SOURCE DATA »
Content starts

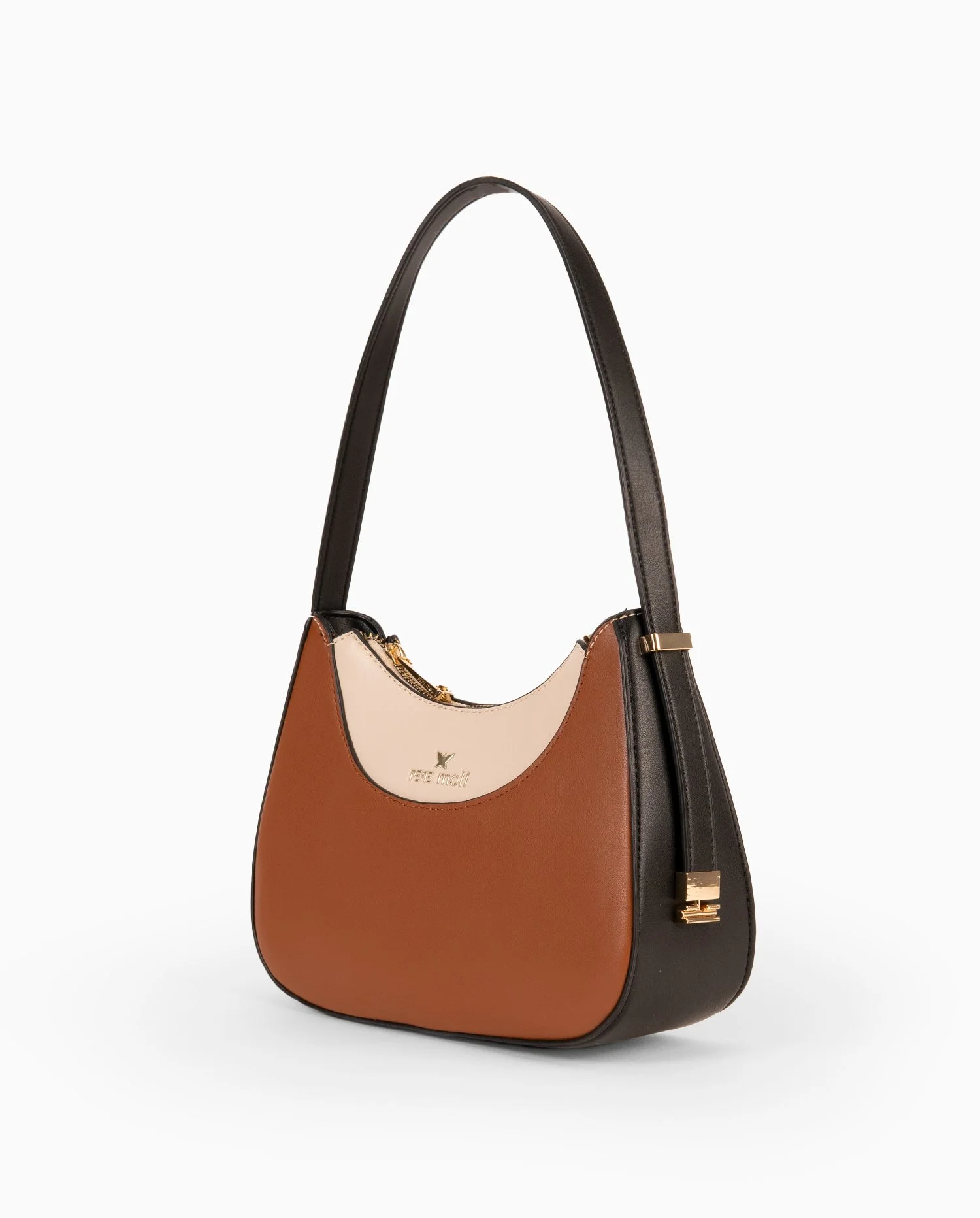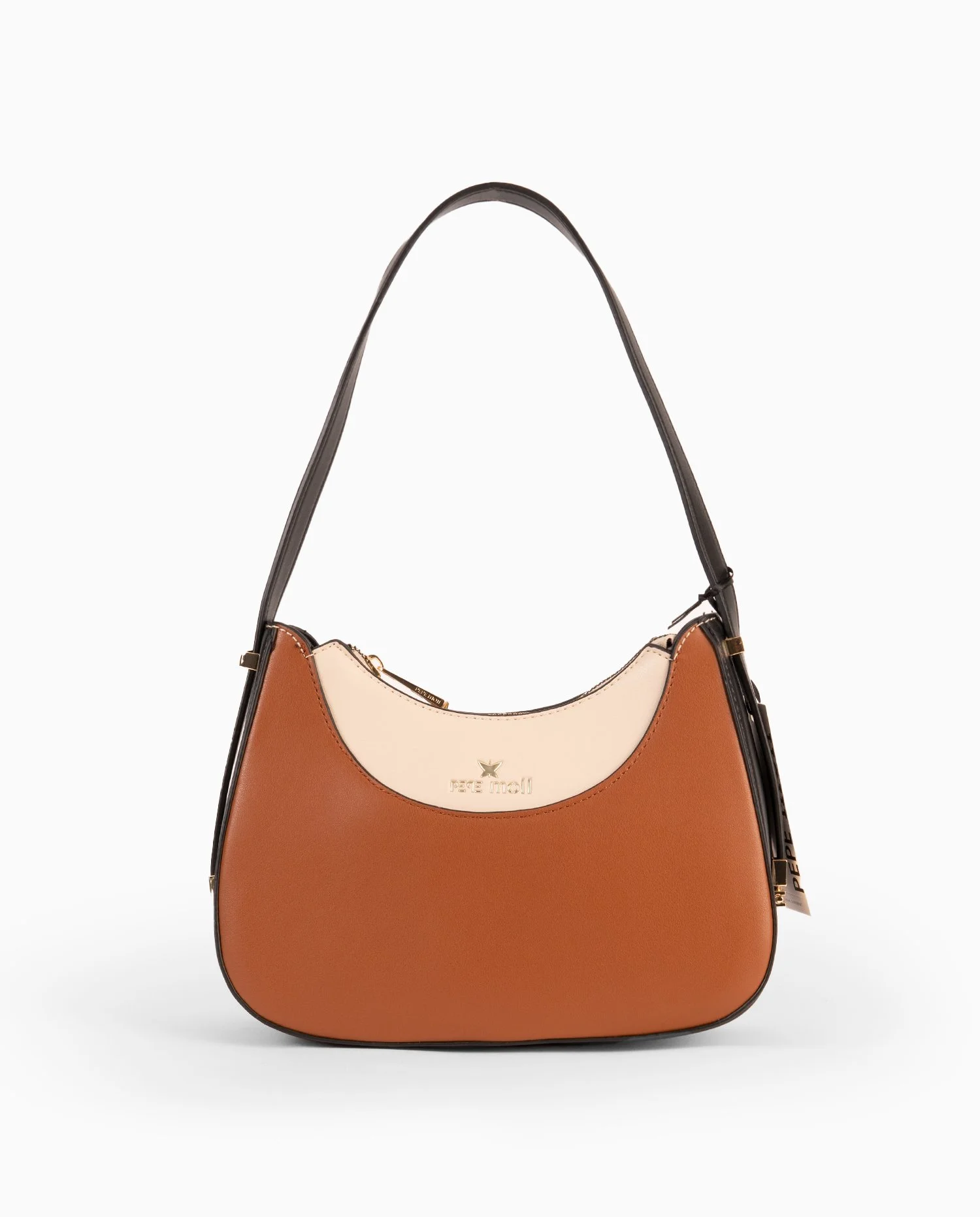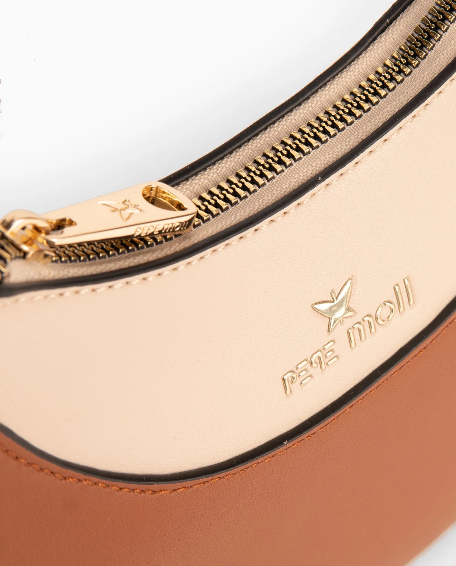 Bolso de hombro color camel combinado de Pepe Moll. Un bolso con diseño circular, que nos recuerda a esos estilismos tan destacados de las pasarelas de moda. El contraste de colores camel, crema y negro hace que sin duda lo puedas combinar con absolutamente TODO.
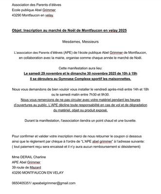 Marché de noël organisé par l'association de parents d'élèves de l'école publique de montfaucon en velay
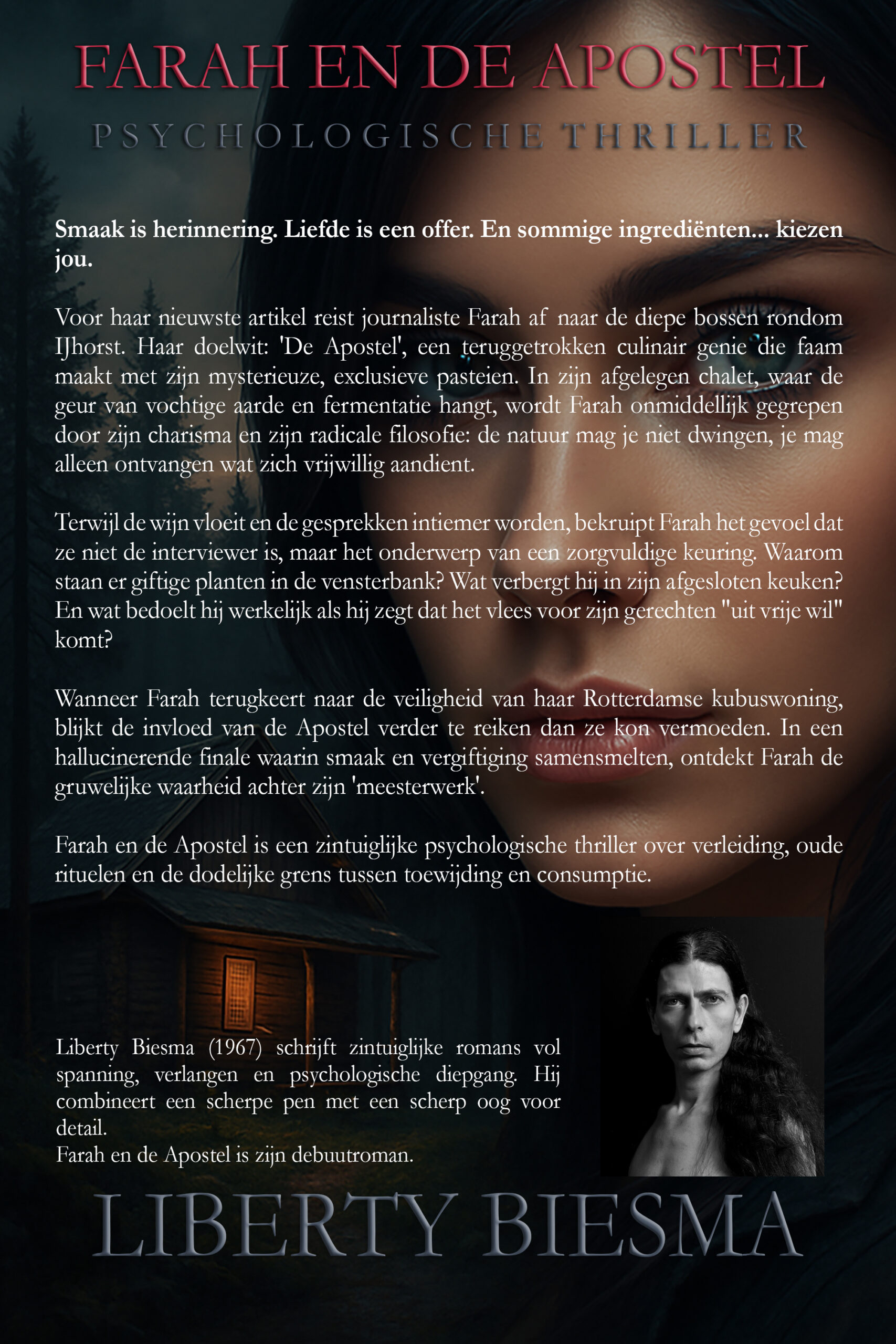 Voor haar nieuwste artikel reist journaliste Farah af naar de diepe bossen rondom IJhorst. Haar doelwit: ‘De Apostel’, een teruggetrokken culinair genie die faam maakt met zijn mysterieuze, exclusieve pasteien. In zijn afgelegen chalet, waar de geur van vochtige aarde en fermentatie hangt, wordt Farah onmiddellijk gegrepen door zijn charisma en zijn radicale filosofie: de natuur mag je niet dwingen, je mag alleen ontvangen wat zich vrijwillig aandient.

Content ends

TASK BRIEF » Line by line, give the material above again exactly, but without any pictures.

RESPONSE TO THE TASK »
 Bolso de hombro color camel combinado de Pepe Moll. Un bolso con diseño circular, que nos recuerda a esos estilismos tan destacados de las pasarelas de moda. El contraste de colores camel, crema y negro hace que sin duda lo puedas combinar con absolutamente TODO.
 Marché de noël organisé par l'association de parents d'élèves de l'école publique de montfaucon en velay
 Voor haar nieuwste artikel reist journaliste Farah af naar de diepe bossen rondom IJhorst. Haar doelwit: ‘De Apostel’, een teruggetrokken culinair genie die faam maakt met zijn mysterieuze, exclusieve pasteien. In zijn afgelegen chalet, waar de geur van vochtige aarde en fermentatie hangt, wordt Farah onmiddellijk gegrepen door zijn charisma en zijn radicale filosofie: de natuur mag je niet dwingen, je mag alleen ontvangen wat zich vrijwillig aandient.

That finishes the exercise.